Studio album by Jessi Colter
- Released: January 1976
- Studio: Woodland (Nashville, Tennessee)
- Genre: Country
- Label: Capitol
- Producer: Ken Mansfield

Jessi Colter chronology
| I'm Jessi Colter (1975) | Jessi (1976) | Wanted! The Outlaws (1976) |

Singles from Jessi
- "It's Morning (And I Still Love You)" Released: December 8, 1975; "Without You" Released: March 29, 1976;

= Jessi (album) =

Jessi is the third studio album released by American country music artist Jessi Colter. It was her second release for Capitol Records and was produced by Ken Mansfield and husband, Waylon Jennings. It was recorded September–October 1975 at Woodland Sound Studios in Nashville and released in January 1976, becoming one of two albums issued by Colter in 1976.

Professional ratings
Review scores
| Source | Rating |
| AllMusic | Star Half star |

==Background==
Jessi was released following the success of Colter's country pop crossover hit, "I'm Not Lisa" and all of the songs on the album were written entirely by Colter. The album spawned one major hit, "It's Morning (And I Still Love You)," which peaked at No. 11 on the Hot Country Songs chart in early 1976. Its second single, "Without You" did not make the Top 40. The album peaked at No. 4 on the Top Country Albums chart and No. 109 on the Billboard 200 albums chart.

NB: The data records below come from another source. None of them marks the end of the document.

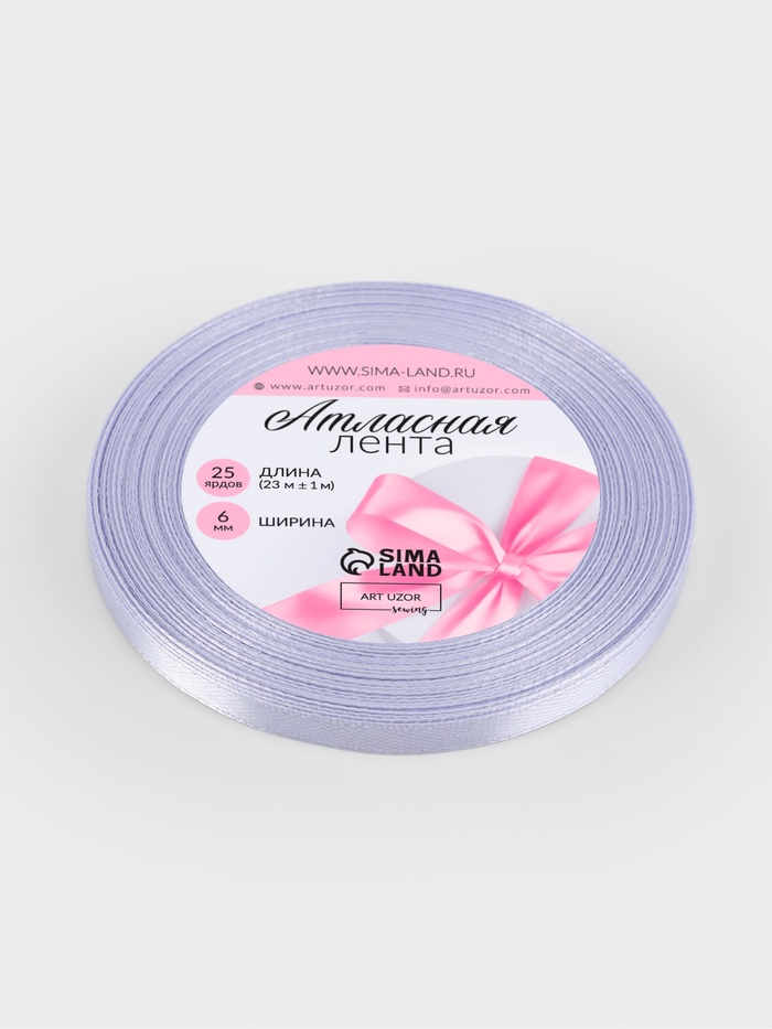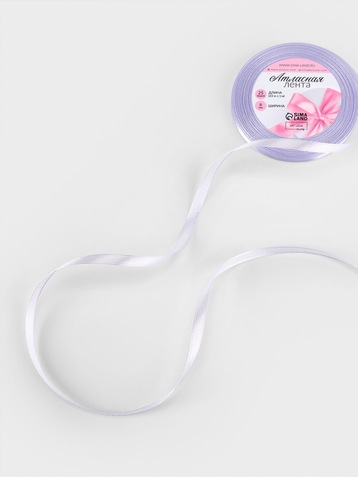 Лента атласная, 6 мм, 23±1 м, светло-сиреневая
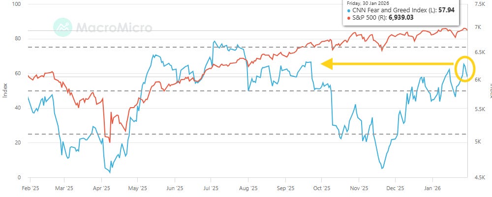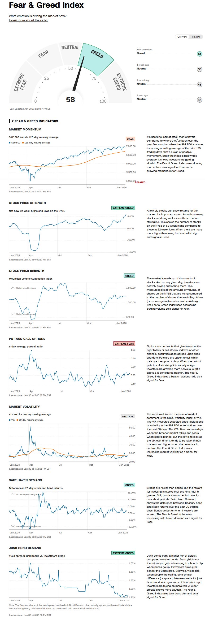 Extreme Greed = junk bond demand (vs investment grade); stock price strength (net new 52-week highs)
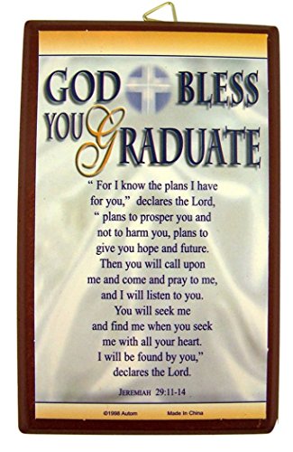 God Bless You Graduate Graduation Wall Plaque with Scripture, 5 3/8 Inch
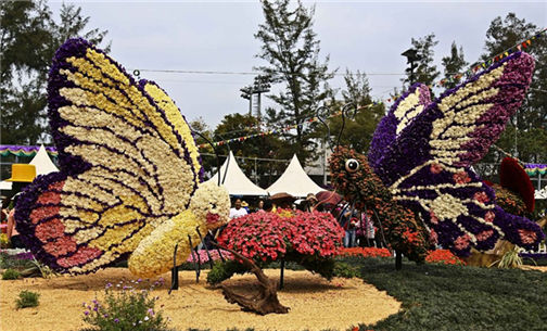 據(jù)悉,“游園樂(lè)”花壇由3萬(wàn)多株不同品種的花卉植物鑲嵌而成,展示游樂(lè)場(chǎng)內(nèi)傳統(tǒng)機(jī)動(dòng)游戲的造型,包括旋轉(zhuǎn)木馬、摩天輪、小火車和碰碰車。
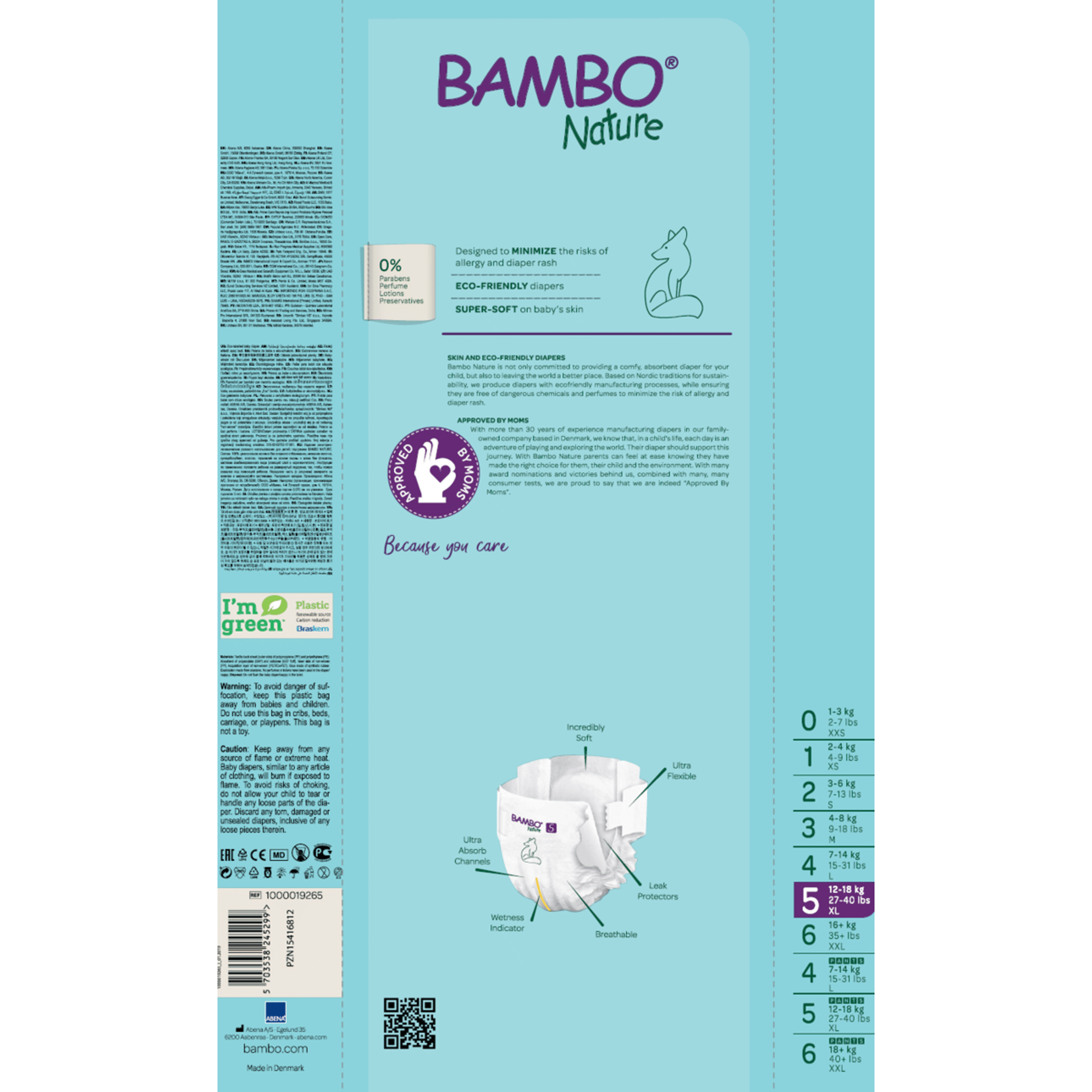 As Fraldas Bambo Nature T5 são ideais para bebés entre 12 e 18 kg.
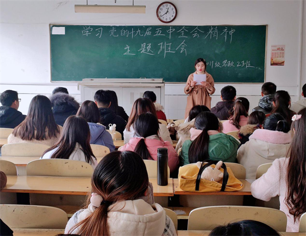 马克思主义学院积极引导各班级组织开展学习十九届五中全会精神主题班会,加强宣传教育,确保全员覆盖。11月27日,马克思主义学院各班级组织开展“学习党的十九届五中全会精神”主题班会,辅导员黄宝老师也在各班级中认真聆听了班级代表学习党的十九届五中全会精神心得体会。同学们表示,在国家发展的关键时期,作为新时代中国青年,要努力学习新知识,练就过硬本领,为夺取全面建设社会主义现代化国家新胜利贡献青春力量。
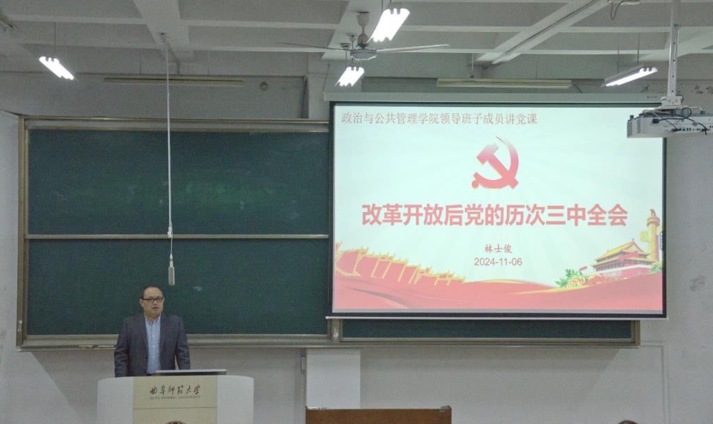 在党课学习中,林士俊副院长首先援引2024年美国大选的实例,引发同学们对于国家发展的思考。随后从什么是三中全会和改革开放后历次三中全会时间及主要内容两个方面对党的理论内容进行详细的阐述。着重强调了党的二十届三中全会进一步全面深化改革和推进中国式现代化的目标,进而推进强国建设和民族复兴伟业。最后,林士俊副院长鼓励同学们课后继续学习中国共产党的相关理论知识,端正入党动机,更加坚定入党的信心和决心。
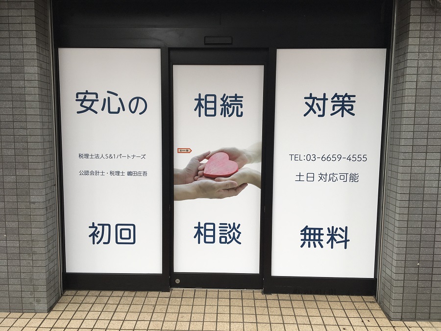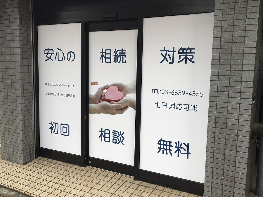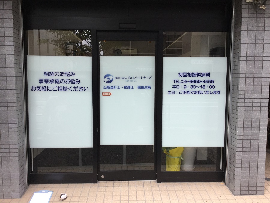 ‍路面側事務所正面の窓部分に、大きくオリジナルのプリントを貼付。
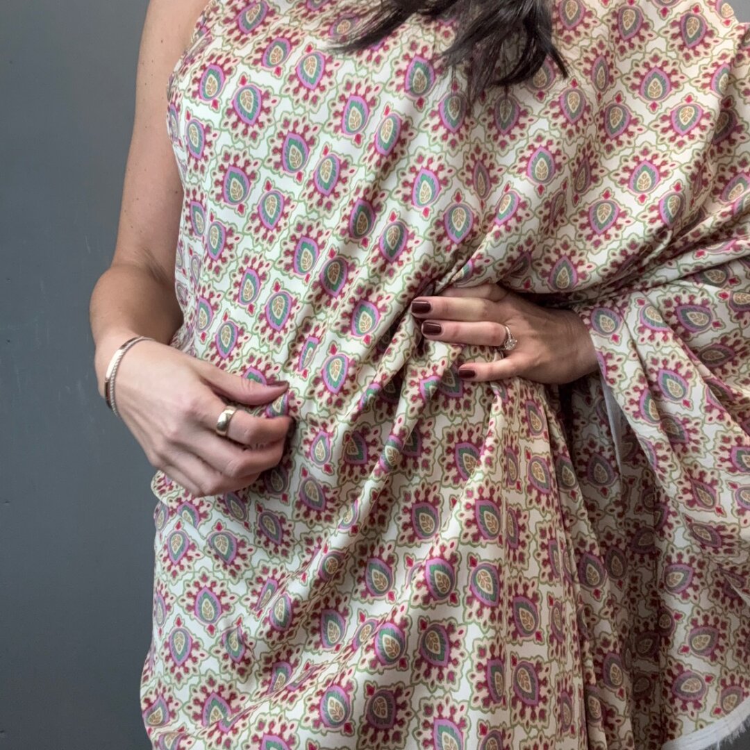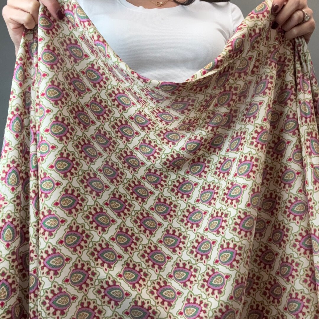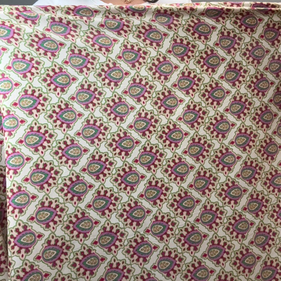 Italian Polyester Crepe de Chine is 150cm wide. This lightweight, fluid fabric is ideal for everyday skirts, dresses, loose-fitting trousers, shirts, tops, and much more. Featuring a stunning print, it’s perfect for welcoming in springtime.
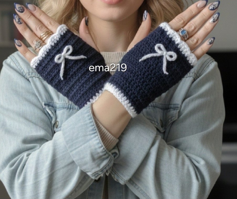 GÖRSEL BANA AİTTİR ✔️ İLAN AÇIYORUM Lacivert ve beyaz tonlarda örgü kadın eldivenleri, bohem tarzıyla rahat ve şık bir görünüm sunar.
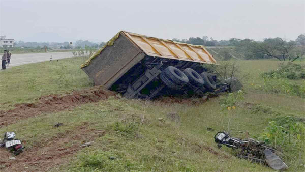 यह हादसा NH 130 पर लखनपुर थाना क्षेत्र के ग्राम जजगा मोहनपुर मोड़ के पास हुआ. बाइक सवारों को टक्कर मारने के बाद हाईवा अनिंत्रित होकर पलट गया है. पुलिस मृतक युवकों की शिनाख्ती में जुई है.
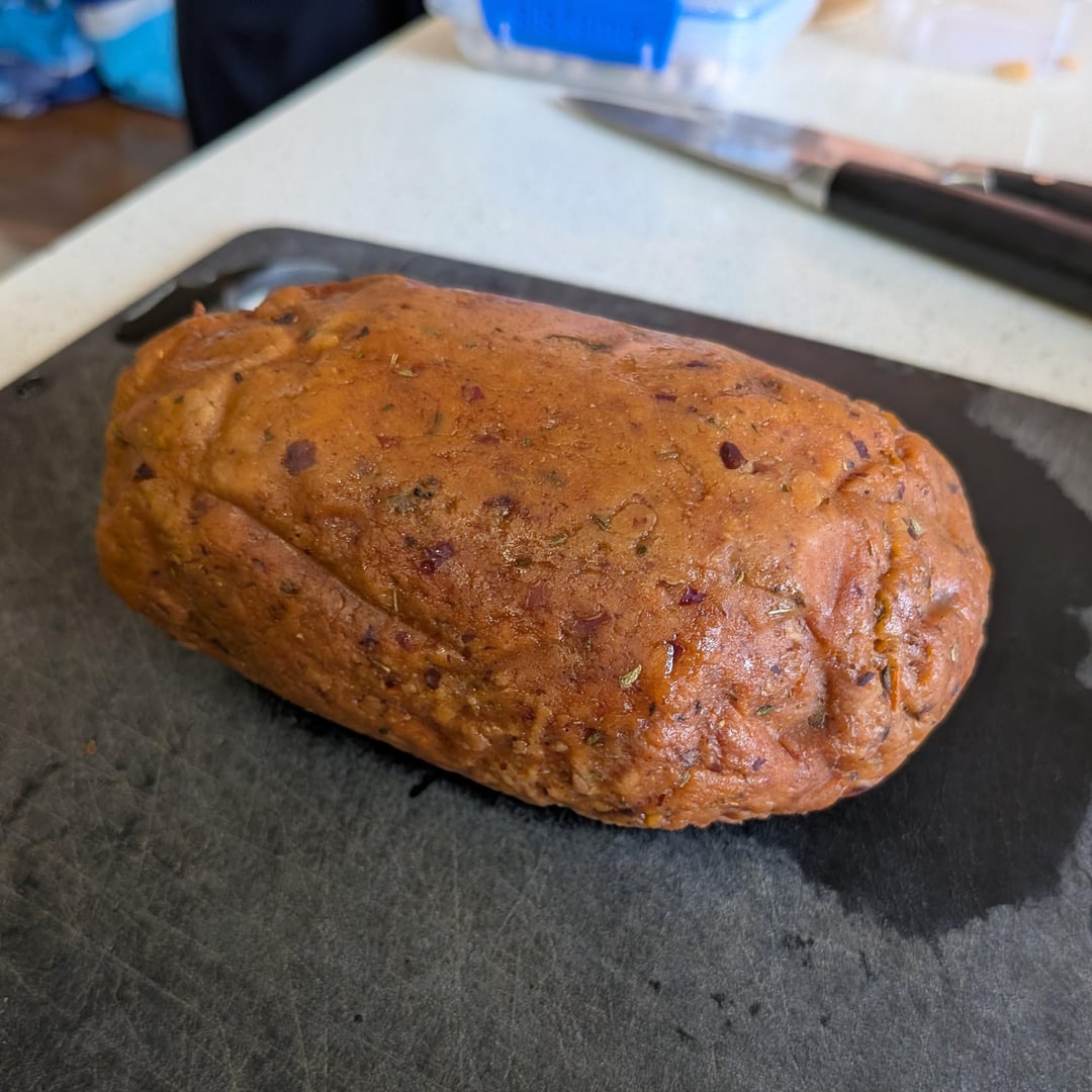 Used 1 cup VWG; half a can of chili beans blended with soy sauce and minced garlic. Nutritional yeast, a tablespoon of apple cider vinegar, thyme, paprika, oregano. Wrapped the log in foil and cooked on high for 45 + 10 in the instant pot.

AllMusic reviewed Jessi and gave it four and a half out of five stars. Reviewer Jim Worbois stated that he was surprised that "this record wasn't more popular than it was. Many of these songs are better than her big hit."

==Track listing==
All songs composed by Jessi Colter.

1. "The Hand That Rocks the Cradle" – 3:08
2. "One Woman Man" – 4:23
3. "It's Morning (And I Still Love You)" – 2:20
4. "Rounder" – 3:47
5. "Here I Am" – 3:41
6. "Without You" – 3:56
7. "Darlin' It's Yours" – 3:06
8. "Would You Walk with Me (To the Lillies)" – 3:00
9. "All My Life, I've Been Your Lady" – 3:36
10. "I See Your Face (In the Morning's Window)" – 3:28

==Personnel==
- Jessi Colter – lead vocals, keyboards
- Ritchie Albright – drums
- Duke Goff – bass
- Jim Gordon – horn
- Sherman Hayes – bass
- Dick Hyde – trombone
- Waylon Jennings – guitar, backing vocals
- Mackinley Johnson – trumpet
- Ken Mansfield – producer
- Ralph Mooney – pedal steel guitar
- Larry Muhoberac – piano
- Larry Murray – dulcimer
- Randy Scruggs – banjo, guitar
- Reggie Young – guitar

== Charts ==
Album – Billboard (North America), RPM (Canada)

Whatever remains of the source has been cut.